ButterflyMX provides an access management and security platform that helps buildings deliver better experiences while driving significant revenue and cost savings. From video intercoms and connected access control systems to security cameras and front desk management, ButterflyMX’s property-wide suite of software-enabled products and services is purpose-built for property owners and managers of multifamily, commercial, student housing, HOAs, and gated communities. The company’s products and solutions enable customers to manage property access remotely and automate building operations while seamlessly integrating into existing property systems.

“Since our founding nearly 10 years ago, we’ve grown from just a video intercom to a fully integrated suite of access control and security products and solutions that transform the property access experience from the front entrance to every door, gate, and elevator through a building,” said Aaron Rudenstine, CEO of ButterflyMX. “The future of ButterflyMX will continue to focus on developing solutions that automate building operations, allowing for more affordable property ownership and management.

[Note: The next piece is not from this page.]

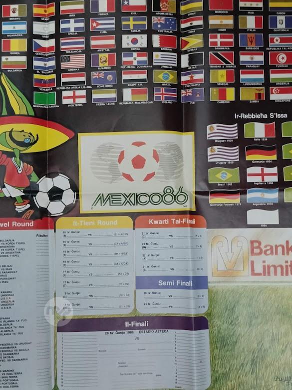BOV World Cup 'MEXICO 86' Team Fixtures and Flag Poster (21"x 28")
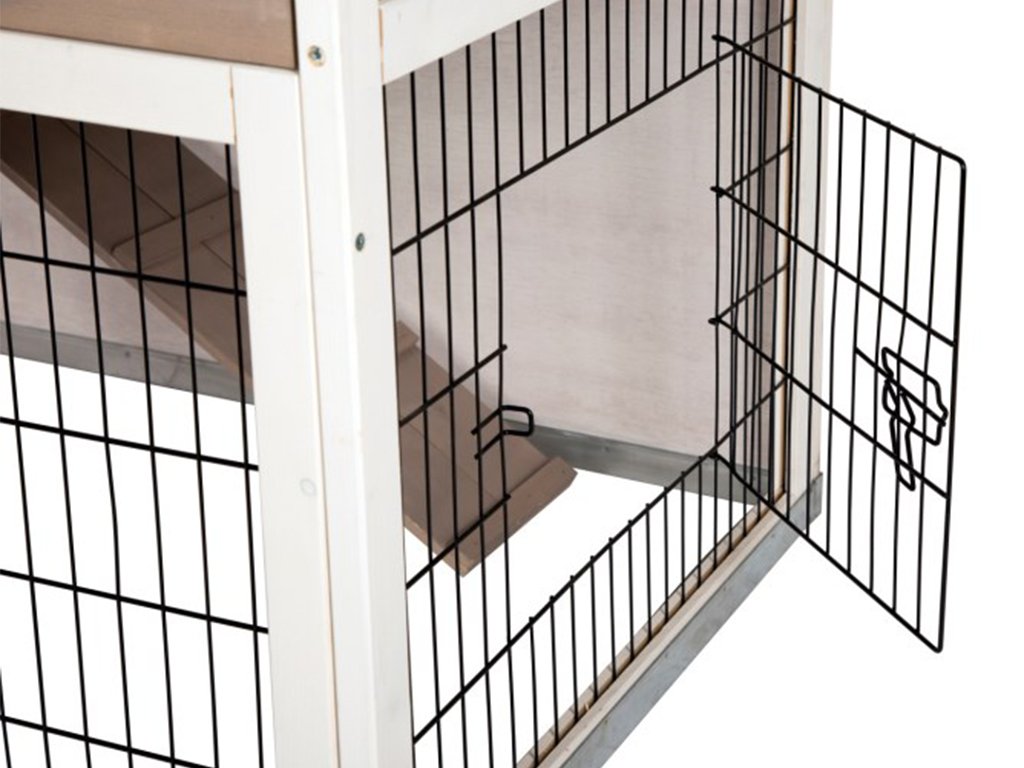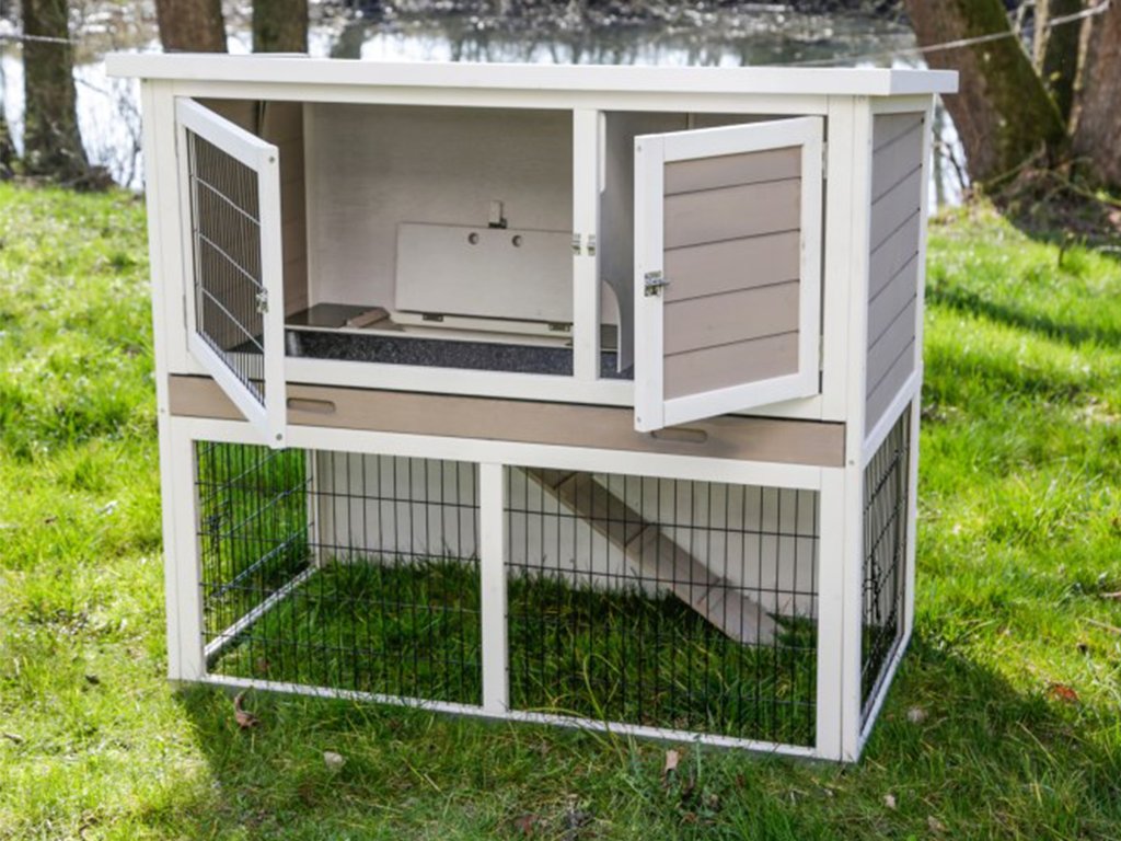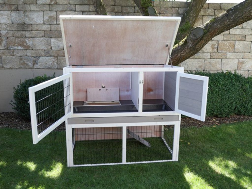 Králíkárna je vybavena čtyřmi samostatnými dvířky a výklopnou střechou výběhu. Disponuje pevnou mříží s povrchem odolným proti okusu a kovovým spodním rámem proti vlhkosti. Králík, morče nebo jiní hlodavci budou mít v králíkárně dostatek prostoru a pohodlí. Váš mazlíček může odpočívat uvnitř králíkárny, která mu nabídne příjemné soukromí a přítmí nebo může trávit čas ve venkovním výběhu na zelené trávě.

As we continue on this journey, we’re pleased to have the backing of FTV Capital, a firm with a deep understanding of both vertical software and tech-enabled hardware, a vast network of partners and advisors, and a shared vision to provide products and services that revolutionize how multi-tenant properties are owned and operated.”

“Cloud-based property access solutions have become mission critical as residents increasingly demand more seamless and secure experiences and property managers look to simplify and improve operations,” said Richard Liu, partner at FTV Capital. “ButterflyMX has already asserted its market leadership with best-in-class solutions that address complexities around multi-family and commercial access for tenants, building owners, and property managers. The strong market momentum and incredibly positive customer feedback we heard was a resounding testament to the company’s unique value proposition and the compelling ROI it delivers. We are excited to partner closely with ButterflyMX to help the company meaningfully scale in its next chapter.”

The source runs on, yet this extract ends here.